Regulatory Process Moves Forward
The Office of the Comptroller of the Currency has decided to continue reviewing World Liberty Financial’s application for a national trust bank charter. This comes despite objections from Senator Elizabeth Warren, who wanted the process paused until President Donald Trump divested his stake in the crypto platform.
Jonathan Gould from the OCC confirmed on Friday that the application will be evaluated under existing regulatory standards. He emphasized that political or personal financial ties won’t impact the procedural review. “The OCC intends to act consistent with this duty rather than your demand,” Gould said in response to Warren’s January 14 letter.
Warren’s Concerns and WLF’s Plans
Warren’s criticisms centered on the Trump family’s involvement with World Liberty Financial. The President and his sons Eric, Donald Trump Jr., and Barron are listed as founders of the platform. According to reports, the platform has generated billions in paper wealth for the family.
WLF submitted its application on January 7 with specific goals in mind. The company wants to expand its crypto operations, particularly around its USD1 stablecoin. If approved, WLF would be able to issue, custody, and convert USD1 in-house rather than relying on third-party providers like BitGo.
The Stablecoin Landscape
USD1 has become a significant player in the stablecoin market since launching in March 2025. It’s currently the sixth-largest stablecoin with a market capitalization of $4.2 billion. The token is already widely used for cross-border payments, settlement, and treasury operations.
This growth comes at an interesting time for BitGo, one of WLF’s potential competitors. BitGo recently went public, but its shares have been volatile and slipped below the offer price.

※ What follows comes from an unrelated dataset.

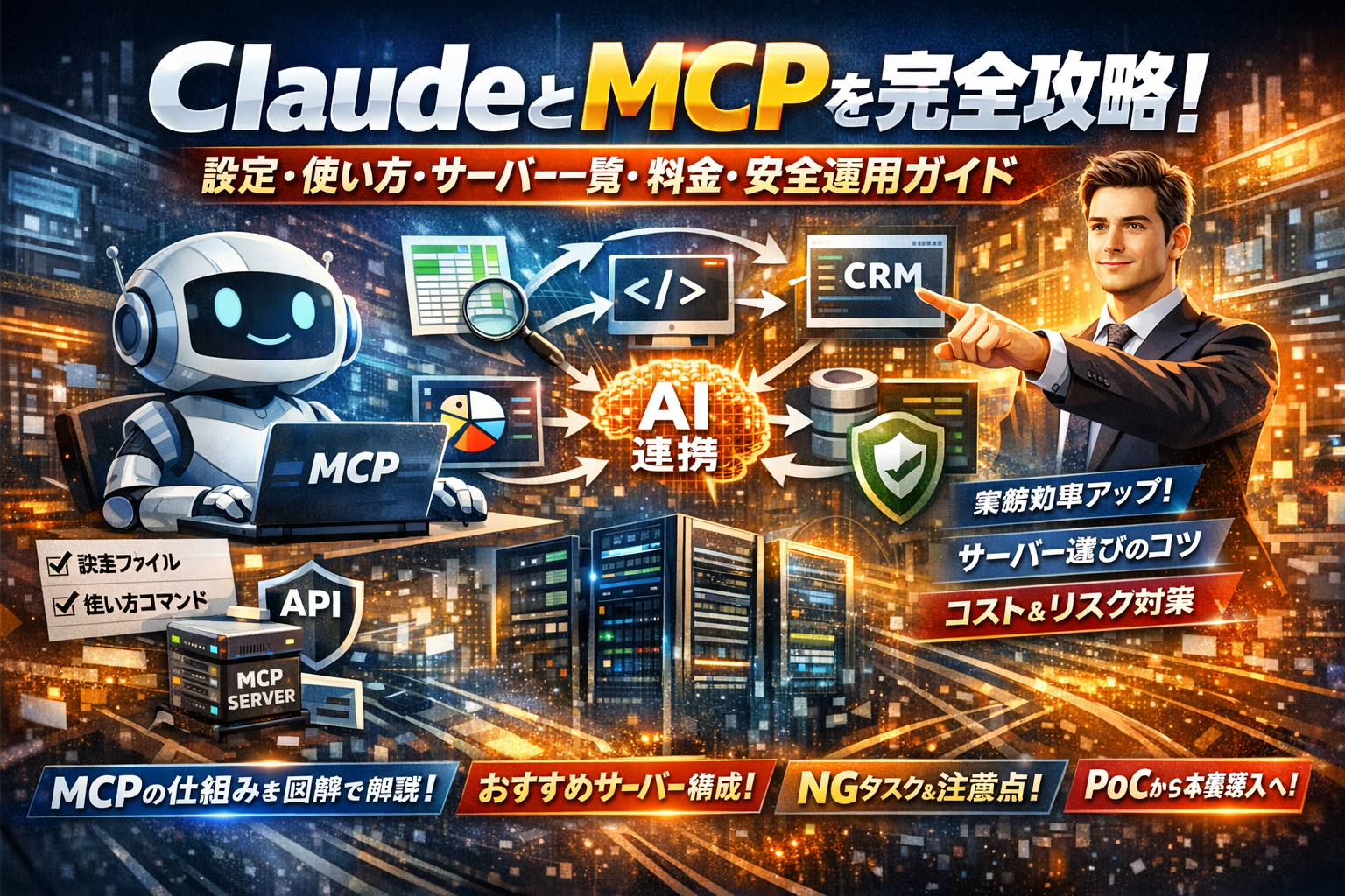 Claude MCPを「なんとなく便利そうな新機能」のまま放置していると、AIをただの高性能チャットに閉じ込めたまま、検索やスプレッドシート、社内ツール連携による生産性向上の余地を丸ごと捨てることになります。公式ドキュメントや技術記事で語られているのは、MCP(Model Context Protocol)の仕組みやClaude Desktop・Claude Codeでの設定方法、MCPサーバー一覧や料金・セキュリティの注意点までが中心です。本記事はそれらを前提に、「中小企業の現場で、どこまでAIに触らせるか」を具体的な線引きまで落とし込むことをゴールにしています。Claude MCPとは何かを整理し、Claude mcp addやremove、設定ファイル(json)の扱い方、Windows特有のエラーのつぶし方、用途別のおすすめMCPサーバー構成と「最初は避けるべき」サーバーを明示します。さらに、Claude MCPの料金やAPI・外部サービスの課金が跳ねない設計、誤送信や権限ミスの実例、PoCから本番展開までのロードマップまで一気に解説します。Claude MCP 設定・使い方・サーバー一覧・料金・安全運用を一度で整理したい方にとって、この記事を読まずに社内導入を判断するのはリスクが高すぎます。

Broader Context for Crypto Banking
National trust banking charters have been difficult for crypto companies to obtain historically. But there’s been some movement recently. In December, the OCC awarded five conditional approvals to major players including Circle, Ripple, Fidelity Digital Assets, BitGo, and Paxos.
That development signaled the currency regulator’s willingness to expand crypto services into traditional finance. It perhaps represents a shift in how regulators view the crypto industry’s place in the broader financial system.
Gould noted that WLF’s application would undergo a “rigorous review” like any other application the OCC receives. The process will follow established procedures, regardless of the political attention surrounding this particular case.
This situation highlights the ongoing tension between crypto innovation and regulatory oversight. It also shows how political considerations can intersect with financial regulation, especially when prominent figures are involved.
The crypto industry has struggled for years to secure proper banking relationships. Traditional banks have been hesitant to work with crypto companies due to regulatory uncertainty and compliance concerns. National trust charters could provide a solution, but the approval process remains selective and demanding.
What happens with WLF’s application could set important precedents. It might influence how other crypto companies approach the charter application process. And it could shape regulatory thinking about ownership structures and potential conflicts of interest in the crypto banking space.
I think we’re seeing a gradual, if sometimes contentious, integration of crypto into the traditional financial system. Each approval, each review, each regulatory decision adds another piece to this evolving puzzle. The WLF case is just one part of that larger story.